The great dead-beat-dad debate. Advice and Opinions welcomed.
Topic was brought up by my son this afternoon. “You should sue my bio”.
Oh boy – here we go again.
The ‘child support’ clock is ticking – in 5 months, my son will be 18
Don’t think I haven’t thought about it – but the conclusion I come to every time is that we’re better off emotionally without him in our lives and I’d rather have my serenity and a peaceful heart than his money.
I don’t want to be vengeful.
Bothers me a little that my son wants compensation when he’s never actually gone without. There’s even been a few Christmas lists that he really had to think about because he already had everything that could have been on that list.
I don’t feel like we’ve missed out on anything?
Would it have been nice to be able to go on vacations? Of course. Would it be nice to have that little extra for when unexpected emergencies arose? Of course. But we made it.
We managed to make the best of what we had and did not go without.
No, there’s not been the latest, greatest, shiniest – and things did get really financially hard for a while. But we made it.
Why would I want someone in my son’s life that doesn’t want to be there?
I want peace, not court ordered, begrudgingly doled out money.
Of course, times like right now in my life, it sure would come in handy. But at what cost??
In the bigger picture, I’d like Nic to learn from everything we’ve gone through together. To step up and be a father when that time comes. To appreciate what he has versus what he doesn’t. To let resentments go.
I don’t resent his ‘bio’. If not for him there would be no Nic.
I do have a beef with his self-centered absence from conception to now. As much as I try to explain to Nic that he shouldn’t take that personally – it’s bound to have an effect on him. But how can it truly be personal? He didn’t choose not to be Nic’s father, he chose not to BE a father. Period. He didn’t know Nic.
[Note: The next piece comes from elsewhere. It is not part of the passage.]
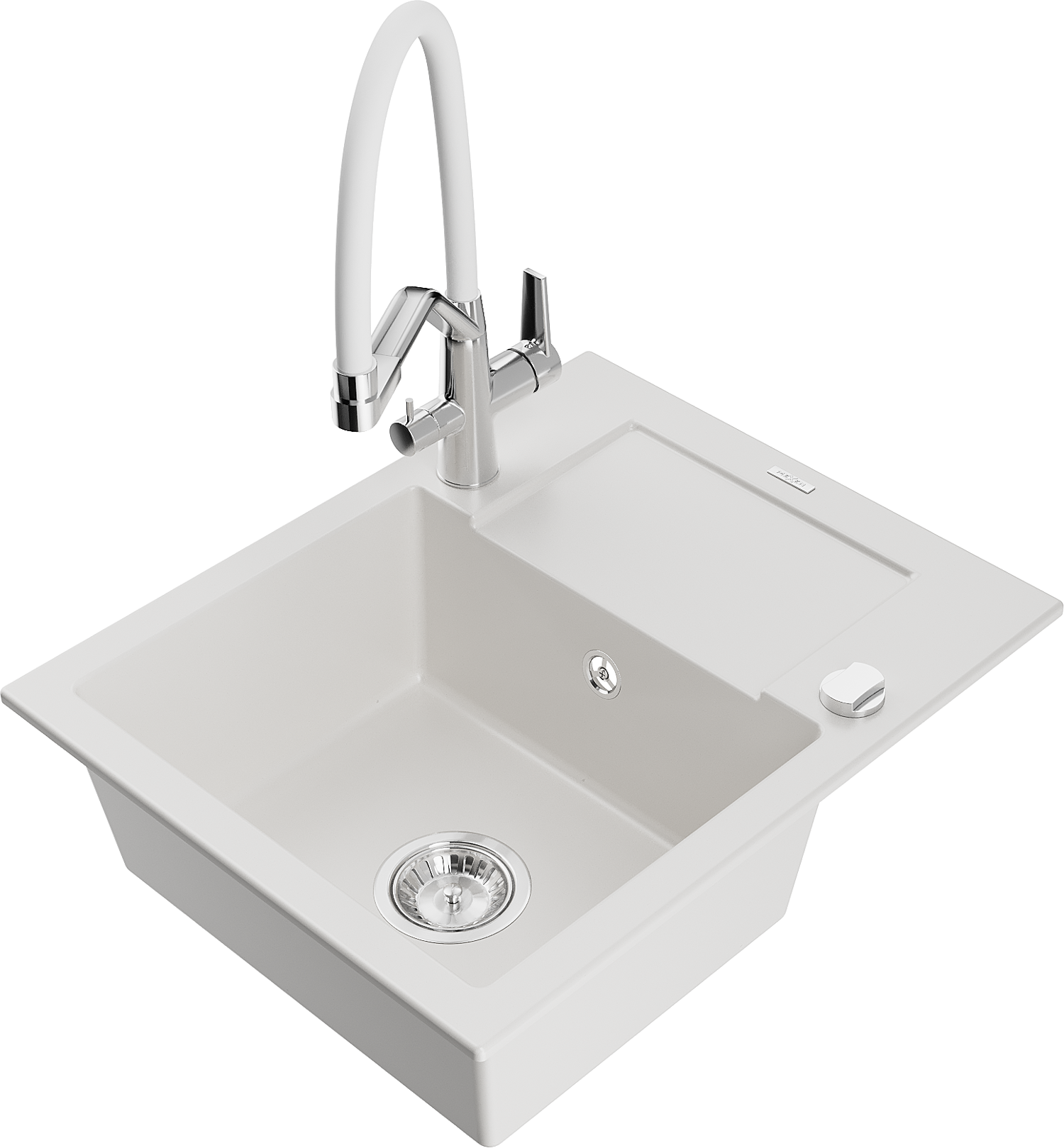 Mexen Enzo 1-bowl granite sink with drainer and Duo kitchen tap, white - 6506-20-671701-02

If he had, and had walked out, I could definitely see the logic in taking that personally.
I need some insight here.
I need opinions and thoughts because my son believes we ‘deserve’ for ‘bio’ to make a financial amends – and I do not. I think we are happy – why mess with that?
I am open to the possibility that this could also be my pride and I could be wrong.
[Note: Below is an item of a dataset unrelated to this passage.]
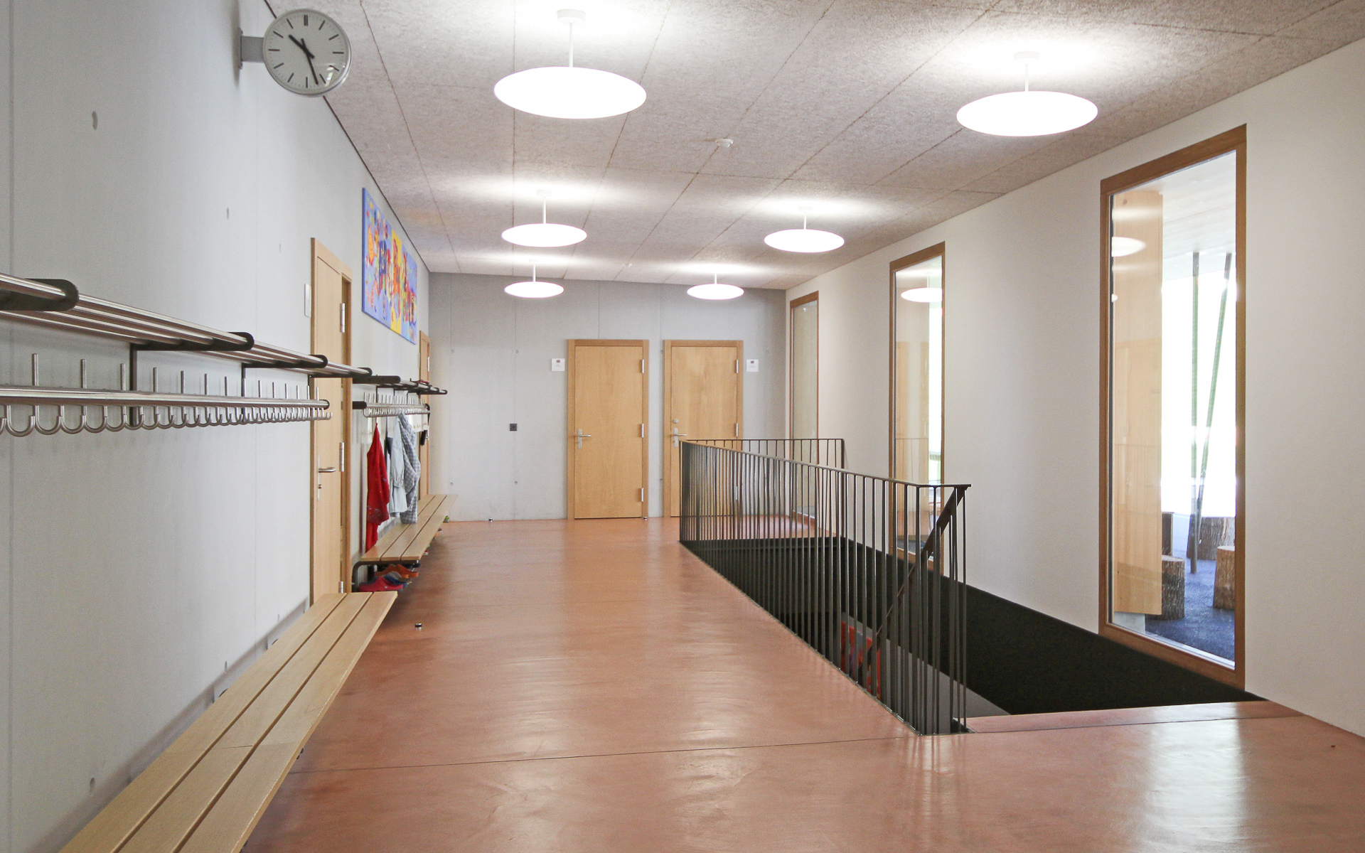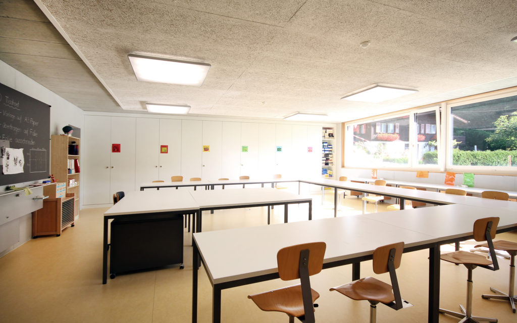 Im Erweiterungsbau sind je drei Schulzimmer/Gruppenräume, die Gestalten techn./text. Räume sowie die Bibliothek, Musikraum und Spezialunterricht untergebracht. Durch die Aufschüttung des Sportplatzes gelangt man auf Erdgeschossniveau vom Neubau in den Basisstufentrakt.

But seriously, why go through agencies, paternity tests, lawyers – for a monthly recompense? The stress of just initiating the whole process – is it worth it?
Honestly, I wouldn’t even know how to begin such a process. And I definitely don’t have the money for an attorney.
He should have been contributing to raising his son for 17 years, and did not. This is true. But I just think it’s too late now.
Would love some thoughts on this.
Posted on October 6, 2012, in Motherhood, My Favorites and tagged bio dad, child support, dead beat dad, managing, revenge, serenity. Bookmark the permalink. 5 Comments.
Are you syre uts jyst a money thing? wgen..I was 18 my mo.reached out to my dead beat dad. Although he paid child support, I hadnt seen him since.1989. She thought it would be agood gesture on his oart to send me a graduatuin gift. Of xourse that back fired. He wrote.anasty letter statibg he had done his duty as my father and would not conract me further….and he didnt. I finally reconnectrd with him in 2009, after he had a health.scare, I realized I
Nic may want to reach out.to his dad, hes probably super pissed at him. He probably has so many emotions and figures he can get back at him it should not be about pride, use the money for nic for.college, for a.car of his own. My mom never spent a dime of my child.support it went dirextly to my horses.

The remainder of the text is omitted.